The road to Calvary
From the mountains of Lubango, a story of life and death emerge from the rocks, rocks that built the city, rocks that took life from its citizens, the rocks from Tundavala. Southwest of Angola, Huila is a beautiful province with 13 diverse municipalities, each displaying incomparable beauty, and waterfalls from Chibia, caves covered in crystals from Chivinguiro. These are exuberant symbols through which nature continues to amaze us; Tundavala is no different but at the same time its history might just contradict the earlier statement.
An intrinsic volcanic fissure situated at the end of a road paved by hands using granitic multicolored stones, Tundavala is a breathtaking escarpment rising some 400 feet from the beautiful plain bellow, providing a wonderful location to view the sunset, popular destination for romantic escapes and a guarantee of good Instagram moments. Clouds can be seen bellow providing a feeling of standing in the skies, with abundant oxygen, plenty of fresh air. Curious monkeys can be seen and the occasional eagles patrol the skies.

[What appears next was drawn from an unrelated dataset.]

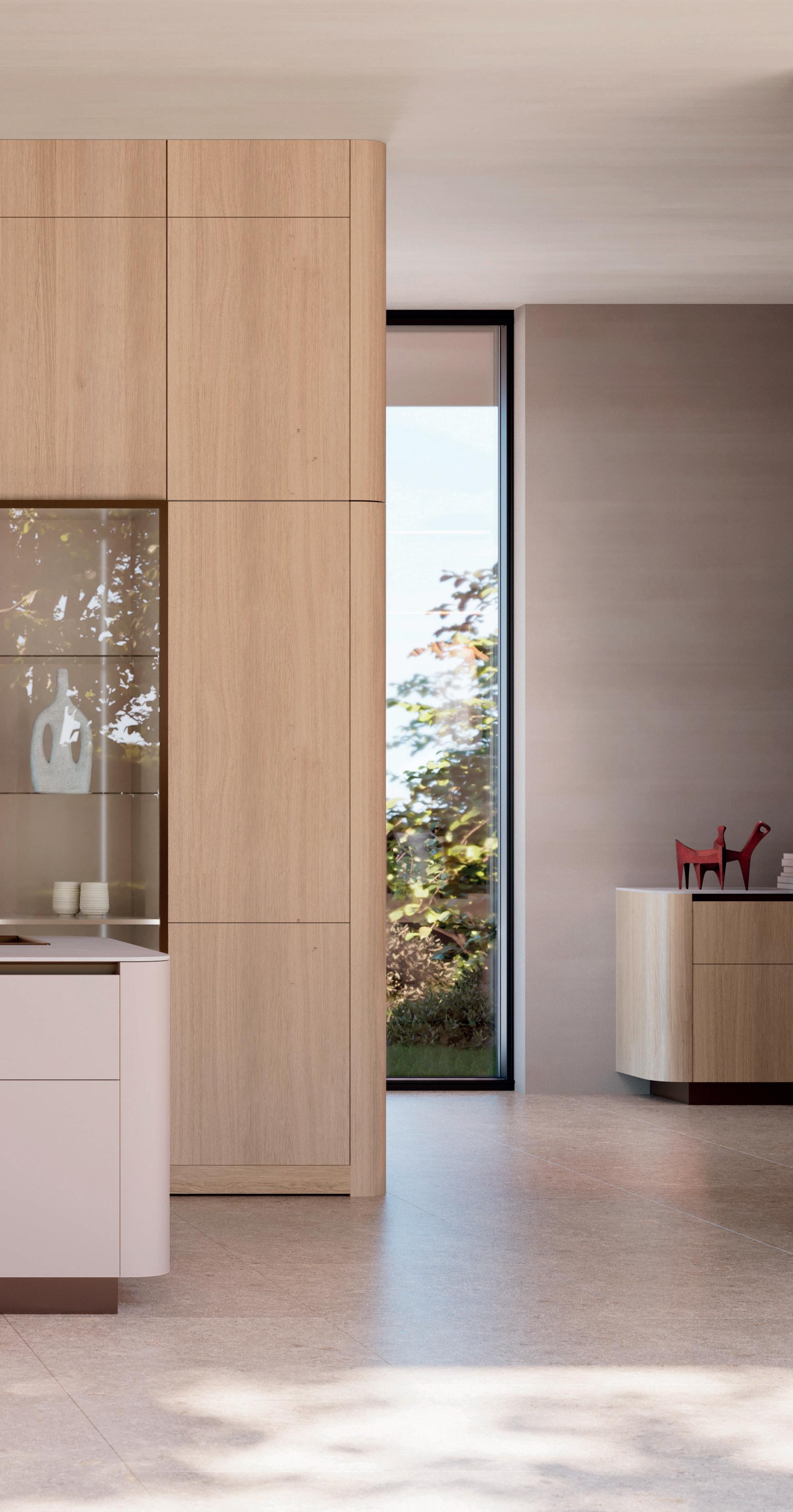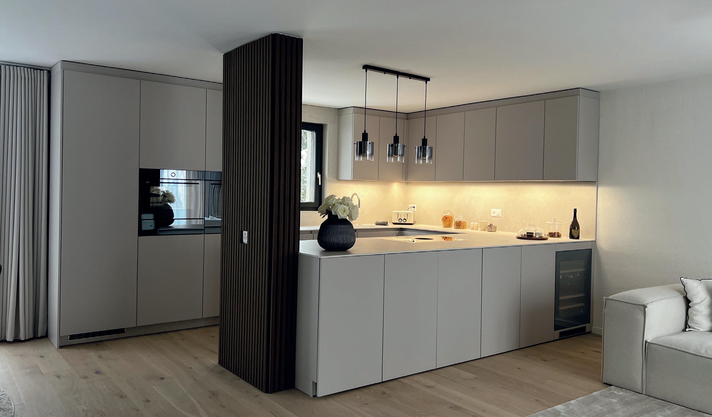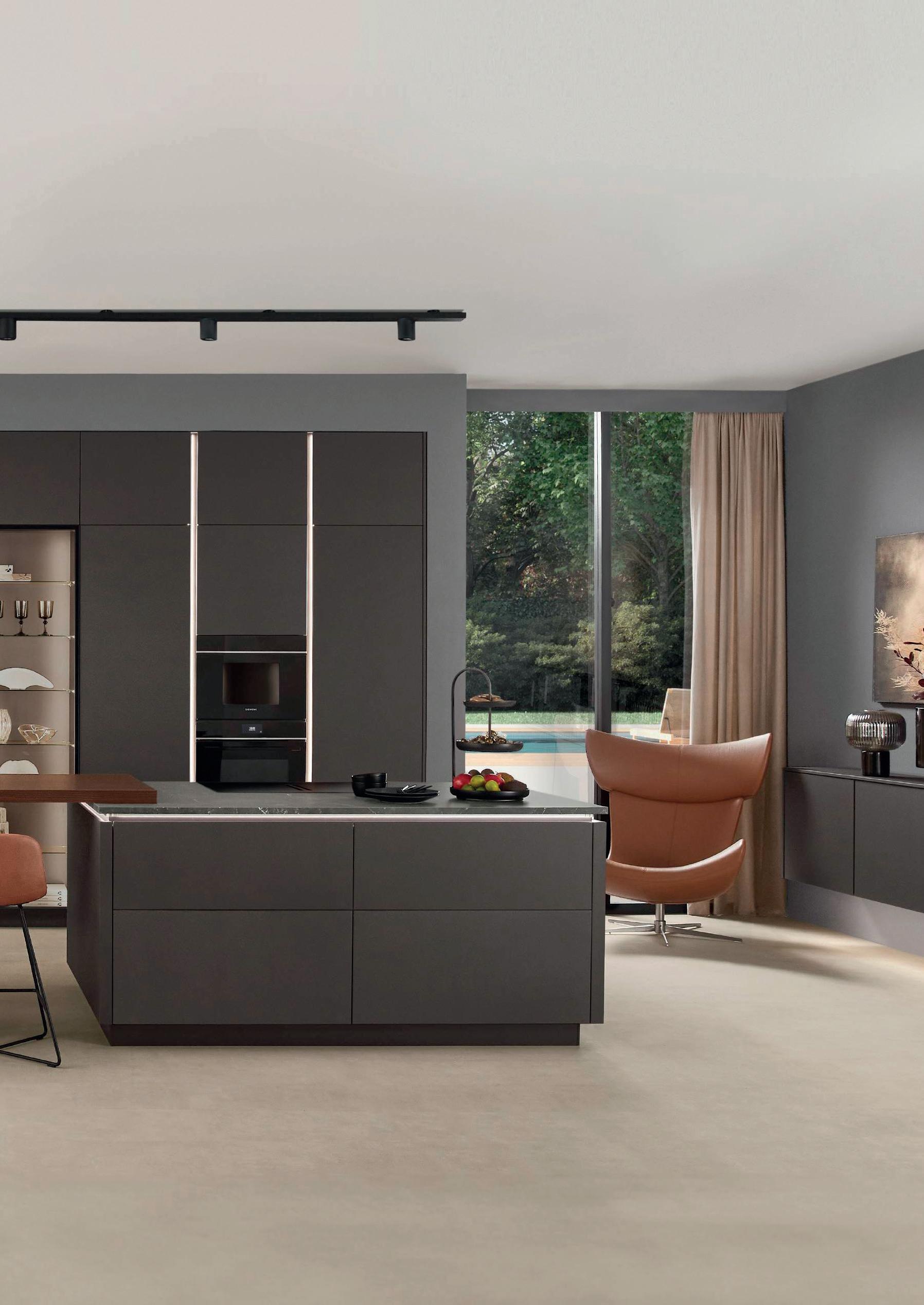 Cette cuisine allie élégance et convivialité. Parfaits pour cuisiner, mais aussi pour échanger et partager des moments ensemble, les deux îlots reliés par une table haute constitue la pièce maîtresse. Les poignées intégrées avec éclairage vertical créent une ambiance raffinée, tandis que les éléments vitrés Air, dotés de charnières invisibles, soulignent la sobriété du design – une signature élégante pour une cuisine moderne.

The bottom part of Tundavala’s cliff is painted with a wide green plateau dotted with odd-shaped hills that stretch to the sea far away, in Namibe.
Not tales but recent history allow to describe this beautiful place as hunted, for the place has witnessed and swallowed the life sons and daughter of the motherland, they were thrown into the 8 second-long fall abyss. Rattling and cracking of bones would have been the most common sound, today replaced with the sounds of stones hitting stone when the apparently unaware couples and kids enter into the new ritual of accessing how long it takes for pebbles to hit bottom. The place is not scattered with skulls of the less fortunate, nor has it traces of the red liquid that circulated the veins on those the ground has blessed, one has to read the writings on the stones, in dark for mourning of the ones departed against their will and in white for hope, hope that life never really ends.
To those aware of the past, Tundavala is a mass grave, emptied of its bones; still the hazy feeling never really leaves one’s presence when looking down the fissure. Fear dizziness and emptiness can fill one’s soul, yet the brave ones arm themselves with courage not only to throw stones but to capture the fault like structure in its minimal details, perhaps to rewrite the location in silent descriptions, unbiased and stripped of its history, printed on paper without captions nor history. Just quiet beauty.